Ash opened his eyes to find Kakumei standing over him. Her hand was raised high, and his cheek hurt. She had slapped him, and was ready to do it again if she had to. "Snap out of it!" she yelled, harshly and forcefully.
"Do you think you'll be of any help to you friends if you take a bad dream THAT seriously? DON'T make me slap you again!"
Ash stared at her. She looked wild, angry, but behind it all-scared. Her eyes reminded him of a child's. In fact, she seemed weaker than she had been before. But there was nothing weak about the way she hit. His cheek hurt.
"Yeah, I know. I'm sorry," Ash replied to her. He looked over at Misty and Brock. They lay where they had collapsed of exhaustion just hours before. They needed him now. If he got sucked in like they had...
"Kakumei...if I start seeing things, you'll still try to help us right? Even if you're the only one left?"
She stared at him with a mildly shocked expression. "Ash..."
"James are you ok?
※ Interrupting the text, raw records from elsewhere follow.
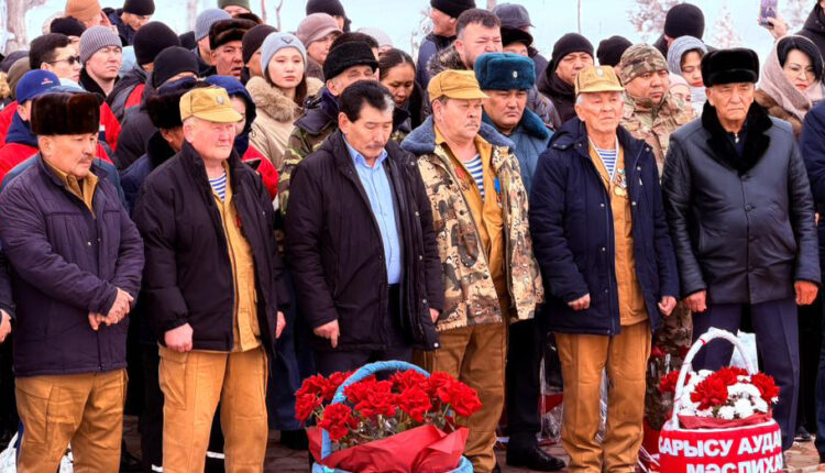 Жиналғандар майдан даласында ерлікпен қаза тапқандарды бір минут үнсіздікпен еске алып, ескерткішке гүл шоқтарын қойып, тағзым етті.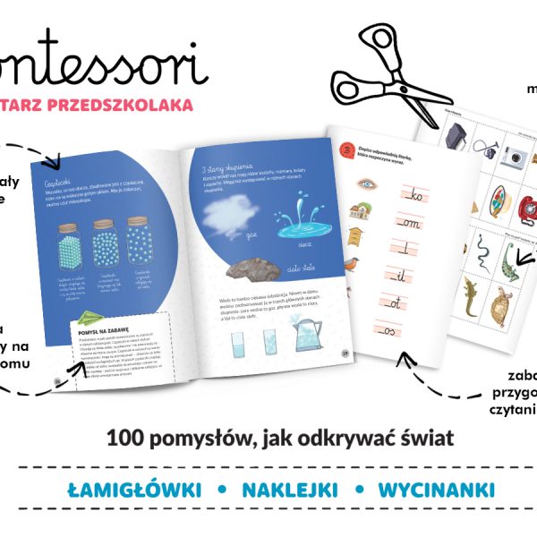 Montessori. Ćwiczenia przedszkolaka (4–6 lat) to bogato ilustrowana książka pełna zabaw i łamigłówek przygotowanych w duchu pedagogiki Montessori. Ćwiczenia dla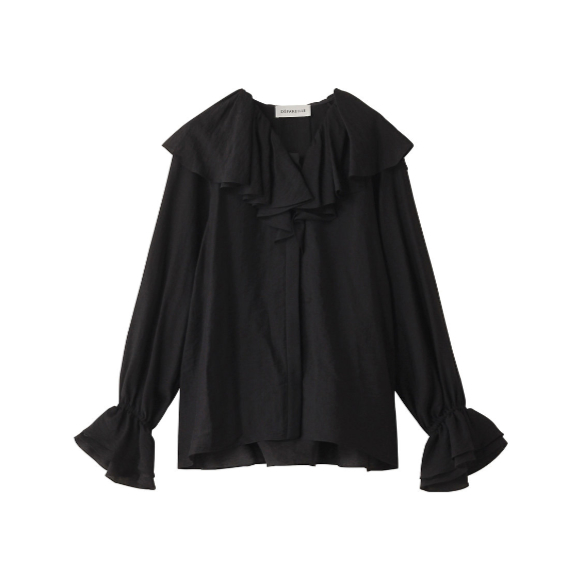 DEPAREILLE シアーシルクラッフルブラウス (ブラック, 38) デパリエ 【ELLE SHOP】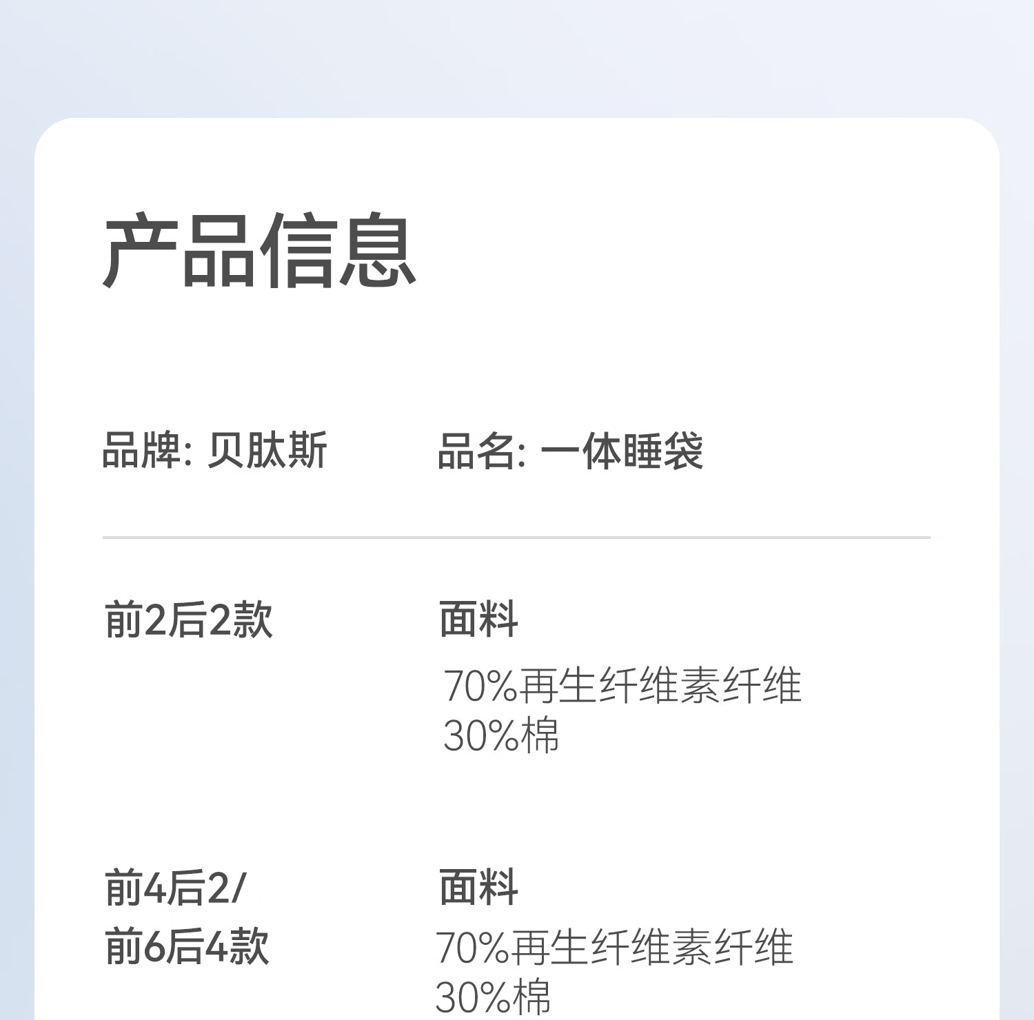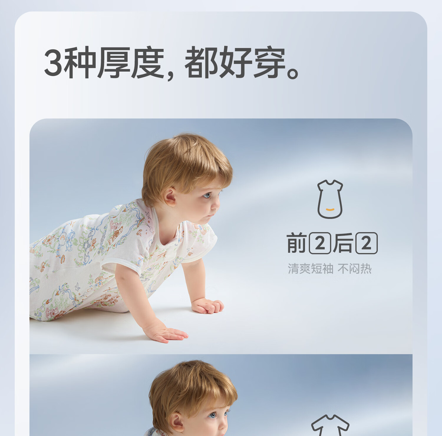 贝肽斯婴儿睡袋春夏胎脂皮儿童一体睡袋婴幼儿防踢被睡衣前4后2 星尘M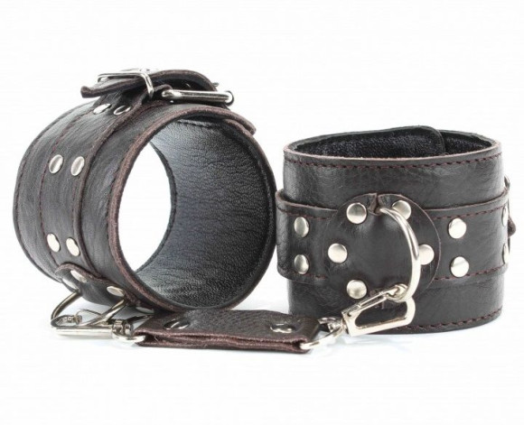 Оковы выполнены из натуральной мягкой кожи темно-коричневого цвета. Изделие декорировано металлическими заклепками. По середине расположено полукольцо из сварной фурнитуры. Оковы надежно фиксируются пряжками и ремнями, позволяющими выбрать нужный размер, подойдут на обхват от 16 до 27 см. Кожаное соединение на карабинах фиксирует оковы вместе. Приятные для тела и стильные наножники отлично подходят для воплощения эротических БДСМ фантазий. Ширина - 6 см.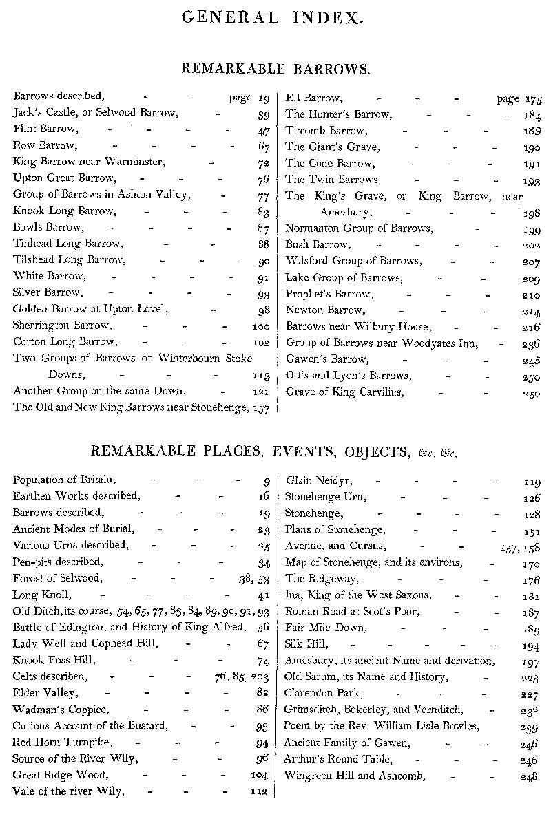 Page 3 General Index,Remarkable Barrows; Remarkable Place, Events, Objects etc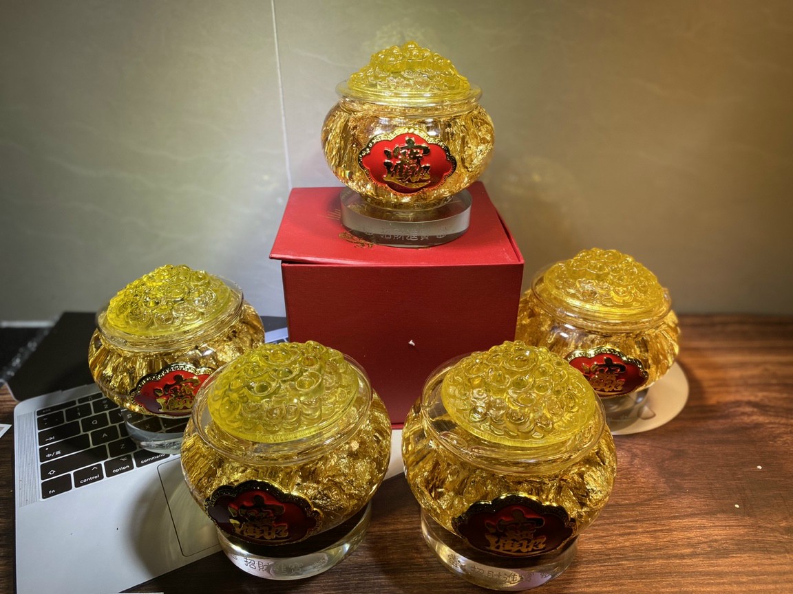 Mua tại TiktokBát Tụ Bảo vàng lá Thần Tài đế thủy tinh 12cm phong thủy - sung túc chiêu Tài đón Lộc

You aren't getting sick are you?" Jessie asked James from the spot on the ground she lay on.
"No, I'm just thinking about some things," he replied, "You just sleep, k?" She didn't answer, and when he turned around, she was standing right there. She looked really tired, but worried too. Plopping down next to him, she continued to stare at him, as if she was carrying out a strange evaluation.
He knew she should be sleeping. She had been so exhausted from her incident on the mountain, but she was restless. He hoped she didn't burn herself out, and when was Kakumei going to get there? He hoped they weren't too far ahead, that she and the twerps couldn't help if he and Jessie needed it.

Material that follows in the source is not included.